By Bonnie Finnerty, Education Director
Good writing should illumine truth. That was my goal in writing a recent op-ed on abortion. Its publication elicited a response from a retired professor that unfortunately clouds the issue with flawed logic and a denial of known scientific facts. For the sake of clarity and in pursuit of truth, let’s look at his claims.
Writing that a zygote is a form of life that “has the POTENTIAL to become one (or more) humans”, the professor asserts that a zygote is “certainly not a person, any more than an acorn is an oak tree.” He later likens a zygote to a gnat.
This common argument confuses potentiality and actuality. So let’s clarify. An acorn is actually the same species as an oak tree, but simply in an earlier stage of the life cycle. This is true of a zygote who, created of human parents and bearing human DNA, actually belongs to the human species.
So what is the difference between an acorn and oak tree, or a zygote and adult? Age. An acorn is not an oak tree in the same way a toddler is not a teenager. But an acorn is a potential oak tree in the same way that a zygote is a potential adult.
One cannot say that a zygote is not human. Nor can we say that an adult is more human than a fetus because of age.

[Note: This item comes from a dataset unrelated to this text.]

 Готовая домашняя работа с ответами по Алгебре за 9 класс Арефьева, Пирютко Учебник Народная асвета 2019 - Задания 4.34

In fact, the word “fetus” comes from the Latin for offspring. Can two human beings create offspring that is anything other than human?
But there’s more erroneous reasoning. The professor asserts that preborn children, even if human, are not persons, stating, “As the embryo/fetus develops, it comes ever closer to becoming a person.”

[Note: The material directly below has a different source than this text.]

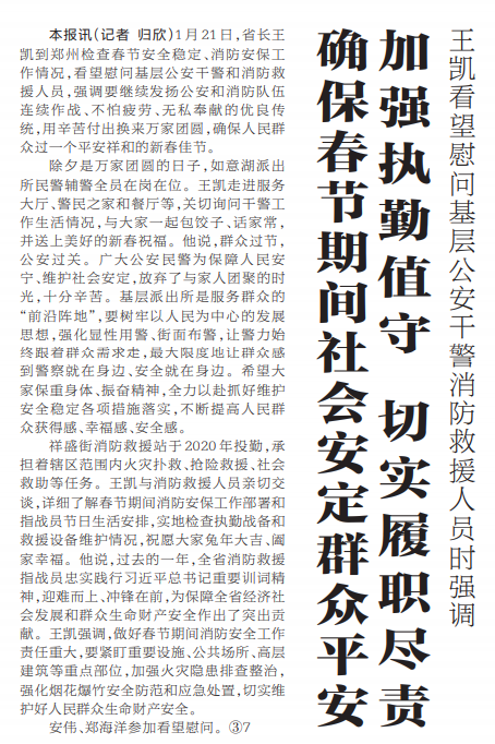 1月21日,省长王凯到郑州检查春节安全稳定、消防安保工作情况,看望慰问基层公安干警和消防救援人员,强调要继续发扬公安和消防队伍连续作战、不怕疲劳、无私奉献的优良传统,用辛苦付出换来万家团圆,确保人民群众过一个平安祥和的新春佳节。(今日《河南日报》1版)

Using the pronoun “it” is a typical tactic to dehumanize the preborn baby boy or girl, although gender has already been determined. But how do we define personhood?
Miriam Webster defines person as “human, individual” and defines individual as “existing as a distinct entity.” Is the zygote a distinct entity?
At conception, a combination of DNA occurs that is unique and unrepeatable, forming a person that has never existed before and never will again. Genetically differentiated from the mother, the zygote exists as a distinct entity, not just part of the mother like a leg or kidney. The mother does not have two hearts, two brains, or four arms. A distinct individual human person exists within her. That’s not a religious claim, that’s scientific fact.
And this science makes arguments for bodily autonomy fall flat, for when the humanity of the preborn is recognized, we acknowledge just what we are destroying in abortion, a smaller, younger, more vulnerable us. We were once they.
While the professor makes several other fallacious claims, he curiously admits, “No one is FOR abortion.”
I wonder why, if all we are killing is a “gnat.”
Perhaps, deep down, even the professor doesn’t believe his own flawed logic. Nor should anyone else.